____ DATA FOR ANALYSIS

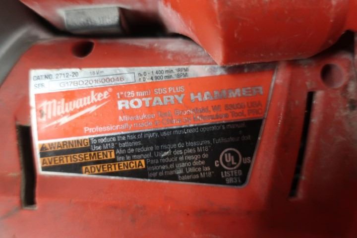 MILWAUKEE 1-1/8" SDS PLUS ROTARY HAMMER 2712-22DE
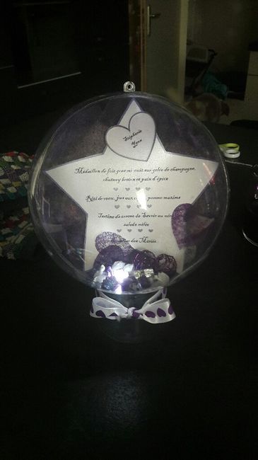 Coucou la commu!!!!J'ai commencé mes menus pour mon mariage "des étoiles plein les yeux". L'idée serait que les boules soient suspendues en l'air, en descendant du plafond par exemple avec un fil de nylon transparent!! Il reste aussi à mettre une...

________
____ DATA FOR ANALYSIS

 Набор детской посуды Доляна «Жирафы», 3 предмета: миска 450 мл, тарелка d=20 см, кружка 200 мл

________

## DIRECTIONS FOR THIS TASK
Set down, exactly as written above, each line from the one with "ROTARY HAMMER 2712-22DE" through the one with "Coucou la commu!!!!J'ai", and skip the pictures.

## ANSWER BOX
 MILWAUKEE 1-1/8" SDS PLUS ROTARY HAMMER 2712-22DE
 Coucou la commu!!!!J'ai commencé mes menus pour mon mariage "des étoiles plein les yeux". L'idée serait que les boules soient suspendues en l'air, en descendant du plafond par exemple avec un fil de nylon transparent!! Il reste aussi à mettre une...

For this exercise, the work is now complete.